The Brazilian theologianFrei Betto left some dietary advice for Cubans this Wednesday at the Round Table, including frying shellspapas, which he said are excellent "for snacking."
“Potato peel, for example, is great to snack on when having a drink. Fried is excellent"commented the South American intellectual, who indicated at another point in his speech that the problem is that people have dietary vices that they do not want to change.
Insisting on the idea that Cuban citizens should make maximum use of the food they consume -and elaborating on the issue of peels-Frei Betto also recommended melon ones, in that case to make sweets.
He also spoke of the need not to throw away the leaves of some foods, such as carrots, because it is said that "they have a lot of nutritional power."
Before the amazed gaze of journalist Arleen Rodríguez, the FAO (Food and Agriculture Organization of the United Nations) advisor offered his views on Cuba's Food Sovereignty and Nutritional Education Program.
“If you open a bakery in Havana with cassava, sweet potato or corn bread, there will be long lines because those breads have more flavor than wheat bread.”, he commented, and he also did not miss the opportunity to downplay the importance of the meats.
"Many times rural people are not aware and think that protein is only in beef, in pork, there is a lot of protein in beans, but Cuban food culture does not attribute protein values to beans, and "It has a lot," said the religious, whoIn recent months, on more than one occasion he has referred to the alleged "bad eating habits" of Cubans.
In the midst of the terrible food shortage suffered by the Cuban people, at the end of last December Frei Betto came to assure that in CubaThere is no hunger, but Cubans have a lot of appetite.

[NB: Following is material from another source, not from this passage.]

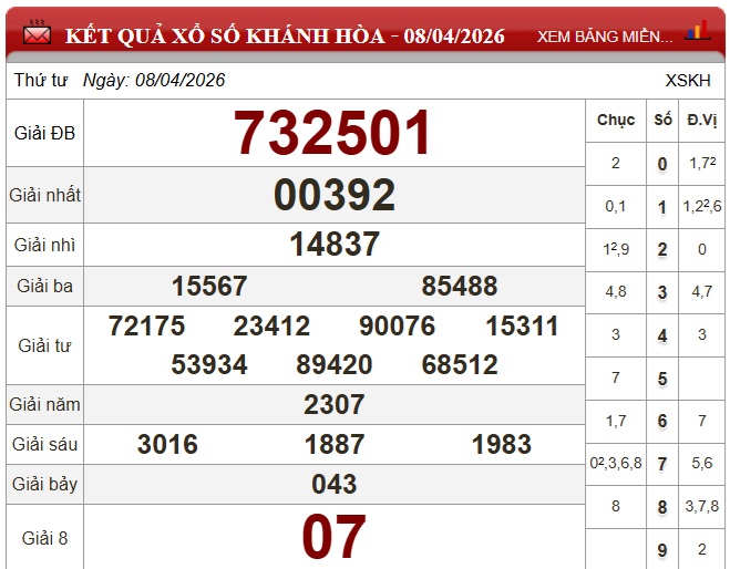 Kết quả xổ số Khánh Hòa hôm nay 8/4/2026 do Công ty TNHH MTV Xổ số kiến thiết Khánh Hòa quay số mở thưởng vào lúc 17h15. Kết quả XSKH 8/4/2026 sẽ công bố lần lượt từ giải tám cho đến giải nhất, cuối cùng là giải đặc biệt.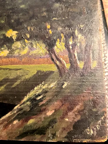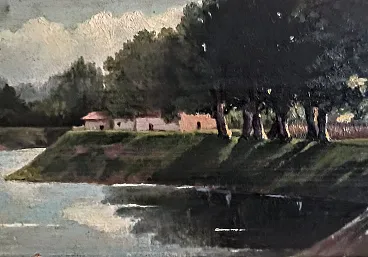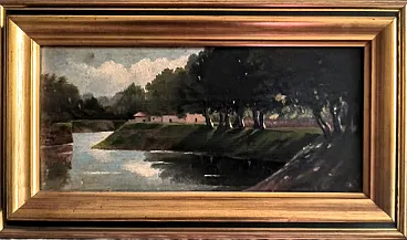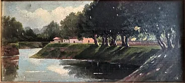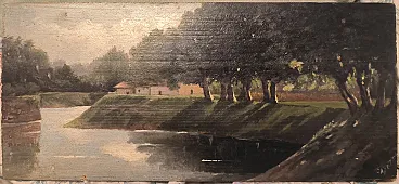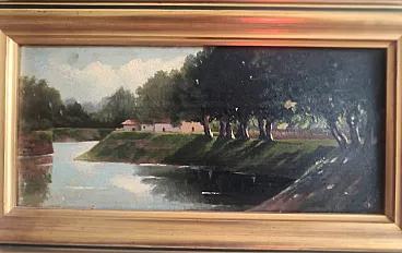 "PAESAGGIO FLUVIALE" firma: CARETTI olio su tavola, '800

"There is no hunger in Cuba. But Cubans have a lot of appetite! The government spends more than 2 billion dollars a year to import food, even from Brazil, from which it buys, among other things, rice and chicken..." , he wrote in an article published inGranma.
A couple of months later, in February, Frei Betto insisted on the idea that there is no hunger in Cuba, butadmitted that there is a "risk of food insecurity", something he attributed to the United States "blockade", climate change and other factors.